The main functions of Item Pipeline include the following four points.

Clean up HTML data.
Verify the crawl data and check the crawl fields.
Check duplicates and discard duplicates.
Save the crawl results to the database.

First, the core method

We can customize the Item Pipeline by simply implementing the specified methods, one of which must be implemented: process_item(Item, spider).

In addition, there are several more practical methods as follows.

Open_spider (spider).
Close_spider (spider).
Crawler from_crawler (CLS).

We will explain the usage of these methods in detail below.

1. process_item(item, spider)

Process_item () is the mandatory method that the defined Item Pipeline calls by default to process the Item. For example, we can process data or write data to a database. It must either return a value of type Item or throw a DropItem exception.

The process_item() method takes two arguments.

Item is the item object, the item being processed.
Spider is a spider object, that is, the spider that generates this Item.

The return type of the process_item() method is summarized below.

If it returns an Item object, the Item is processed by the low-priority Item Pipeline’s process_item() method until all methods have been called.
If it throws a DropItem exception, the Item is discarded and no longer processed.

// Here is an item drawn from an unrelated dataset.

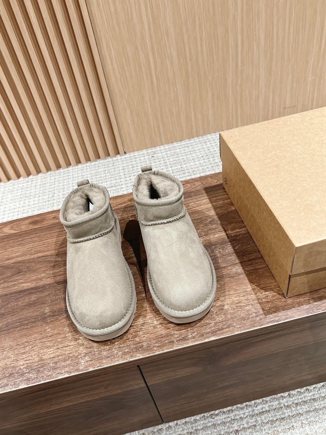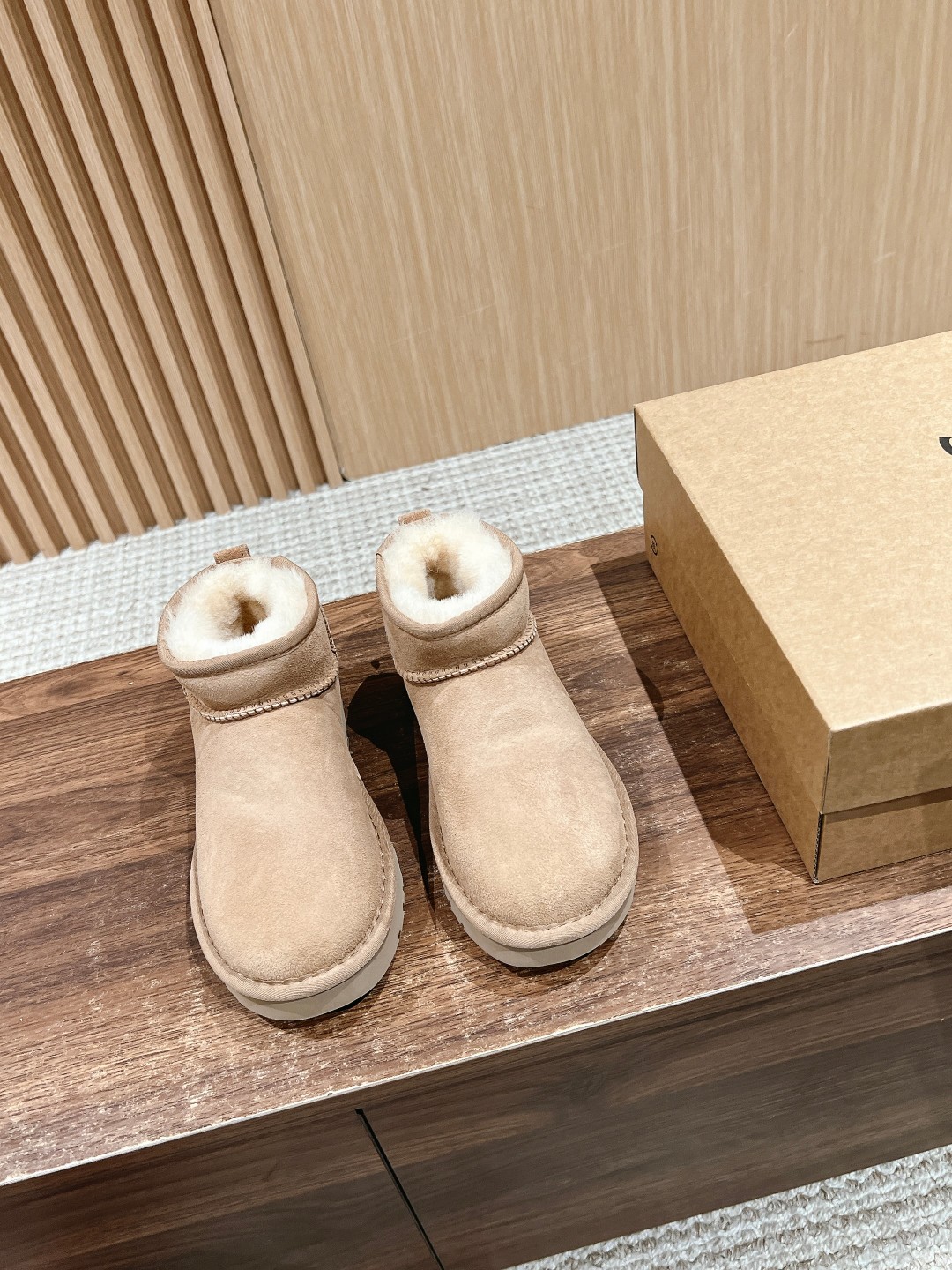 UGG Mini thin sole snow boots. Inspired by Bella and Gigi. Stylish with layered socks for a chic American look. Sizes 35-39.

2. open_spider(self, spider)

The open_spider() method is called automatically when the Spider is started. Here we can do some initialization operations, such as opening the database connection. The parameter spider is the spider object that is enabled.

3. close_spider(spider)

The close_spider() method is called automatically when the Spider is closed. This is where we can do some finishing touches, such as closing the database connection. The argument spider is the closed spider object.

4. from_crawler(cls, crawler)

The from_crawler() method is a classmethod, identified by @classmethod, and is a dependency injection method. With crawler objects, we can get all of the core components of Scrapy, such as each of the global configurations, and then create a Pipeline instance. The CLS argument is Class, and an instance of Class is returned.

Let’s use an example to further understand the use of Item Pipeline.

2. Objectives of this section

We take the 360 photography meitu as an example to achieve three pipelines of MongoDB storage, MySQL storage and Image Image storage.

Three, preparation

Ensure that the MongoDB and MySQL databases are installed, and Python’s PyMongo, PyMySQL, and Scrapy frameworks are installed.

Four, grasping analysis

Our target website for this climb is: https://image.so.com. Open this page, switch to the photography page, the page presented many beautiful photography. We open the browser developer tools, switch the filter to the XHR option, and then pull down the page to see a number of Ajax requests displayed below, as shown in the figure below.

We look at the details of a request and observe the data structure returned, as shown in the figure below.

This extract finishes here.